Characterization of pyridoxine transport mutants. A, W303-1A (wild-type), MW980 (deleted for all members of the SNZ and SNO gene families), and two mutants that were generated in MW980 (tpn1-1 and tpn1-3) were cultured in SD medium, and serial dilutions of the cells were spotted on plates containing the indicated concentrations of PN. Growth was recorded after 3 days at 30 °C. B, uptake of PN was measured with a standard protocol. The yeast strains used were those listed in A and were grown in medium containing 2 µM PN prior to the assay. {blacksquare}, MW980; •, W303-1A; {square}, tpn1-3; {circ}, tpn1-1.

 

To identify mutants with defects in PN uptake, MW980 was treated with ethyl methanesulfonate and plated on YPD medium. Colonies were replicated on medium containing 2 or 0.02 µM PN. Two mutant strains carrying recessive and allelic mutations (tpn1-1 and tpn1-3) were isolated. Both mutants were growth-restricted on plates containing 20 nM PN or less, but grew like wild-type cells on plates with higher concentrations of PN (Fig. 1A). Compared with MW980, both mutants also had growth deficits on plates containing PL or PM (data not shown).
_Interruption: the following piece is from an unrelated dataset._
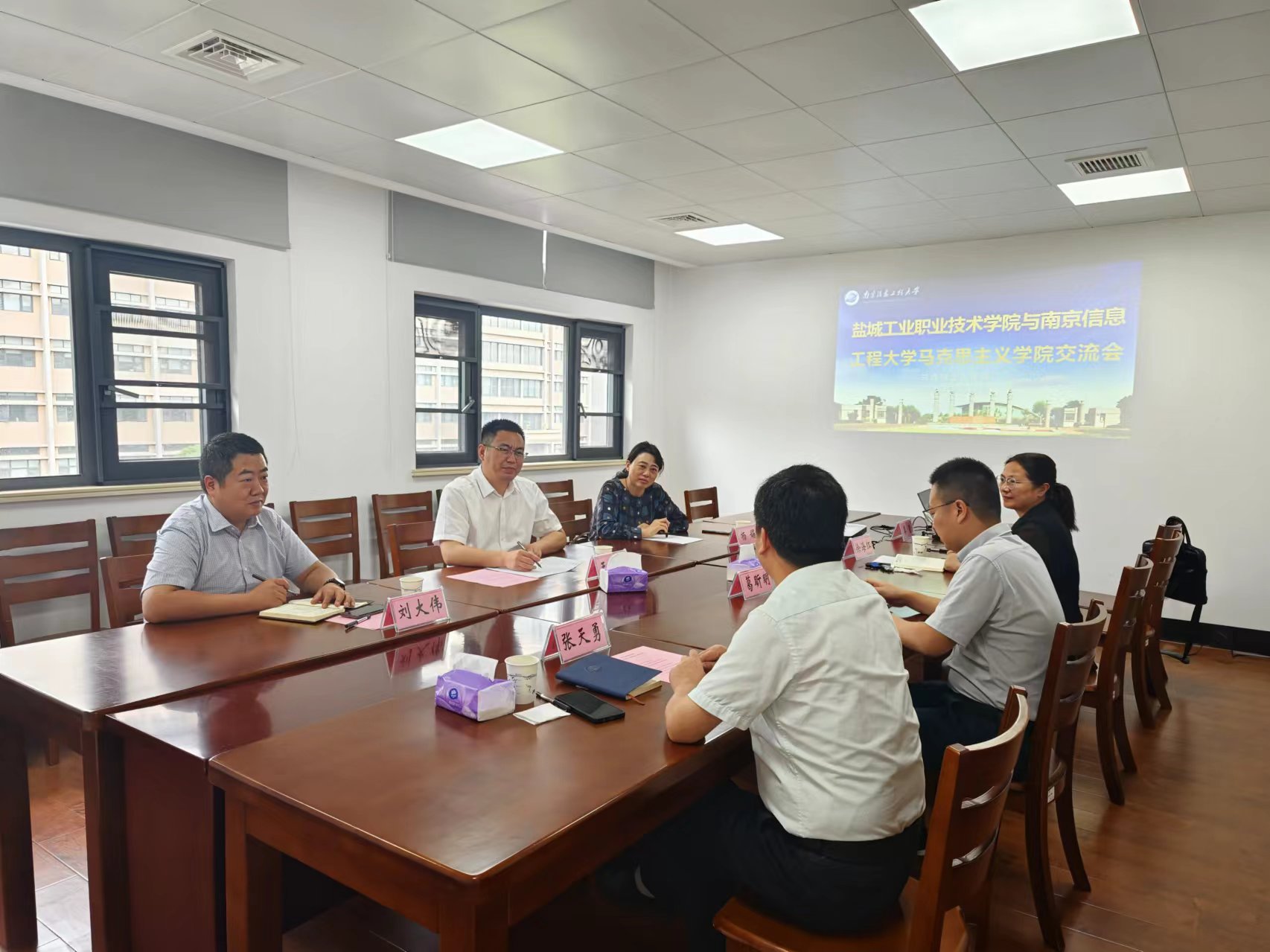 9月12日上午9:00,盐城工业职业技术学院副校长王曙东、马院院长杨娟、副院长刘大伟一行3人到马克思主义学院调研示范马院建设相关工作。学院院长张天勇、党委书记葛昕明、副院长徐海红和教学秘书秦童出席交流会。

Using [3H]PN as a substrate in a whole cell uptake experiment, we found that both mutants were defective in PN transport compared with W303-1A (wild-type) or MW980 (Fig. 1B). The amount of PN taken up by cells (1 A600 unit) in the 4-min experiment was 2.4 pmol for tpn1-1, 4.2 pmol for tpn1-3, 12.3 pmol for the wild-type strain, and 13.7 pmol for MW980. The higher activity of tpn1-3 relative to tpn1-1 is consistent with its slightly better growth (Fig. 1A). Moreover, the vitamin B6 auxotrophic mutant MW980 possessed higher activity for PN transport compared with wild-type cells. We conclude that both tpn1 mutants are defective in growth on low concentrations of vitamin B6 because of a defect in PN uptake.
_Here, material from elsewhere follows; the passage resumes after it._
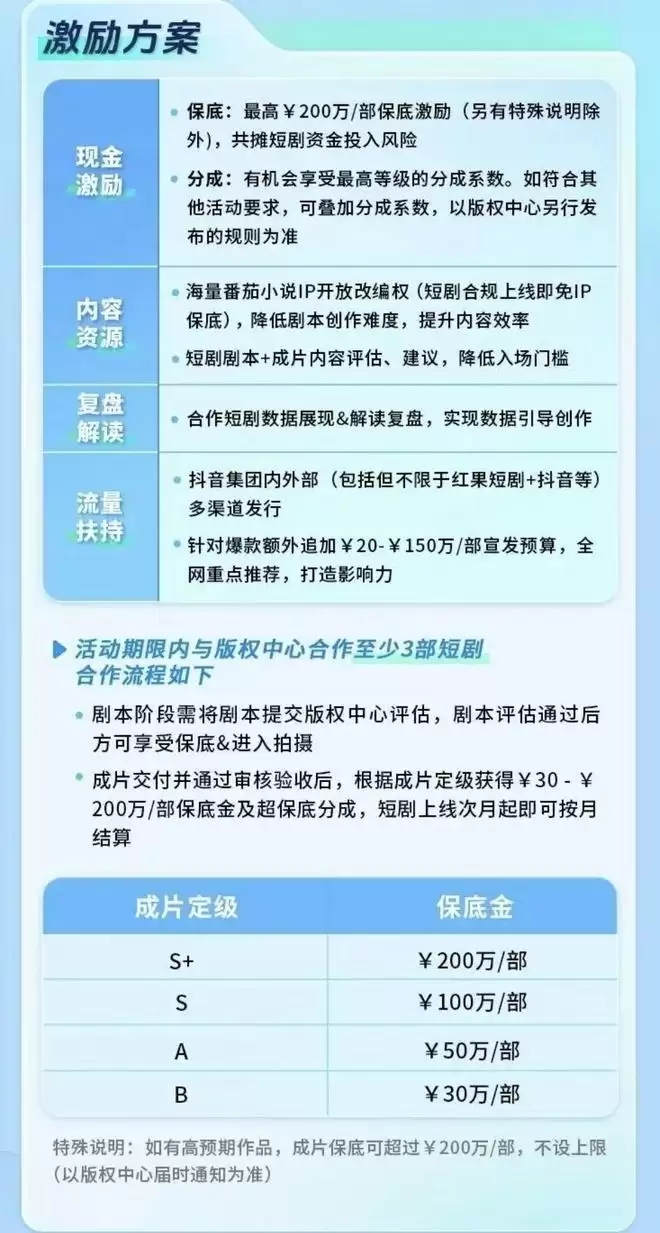 今年11月,抖音集团短剧版权中心还提出了常态化的影视机构专项成长计划,针对想入局竖屏微短剧的影视机构,开放海量番茄IP小说改编权,并提供最高200万/部的保底金额和最高等级的分成系数。

Complementation Cloning of YGL186C—To eliminate unwanted mutations, we next crossed both mutants with a wild-type strain and tested the progeny from this cross for the presence of the mutation. All strains that showed growth defects possessed the snz1-sno1{Delta}::URA3 deletion, ruling out a role of SNZ2-SNO2 and SNZ3-SNO3 in PN biosynthesis. Strain JSX14-3a, which carries the tpn1-3 mutation, resulted after a second cross that exchanged the snz1-sno1{Delta}::URA3 deletion for a snz1-sno1{Delta}::his5+ allele. JSX14-3a was transformed with a yeast genomic library generated in a multicopy vector and plated on medium containing 20 nM PN.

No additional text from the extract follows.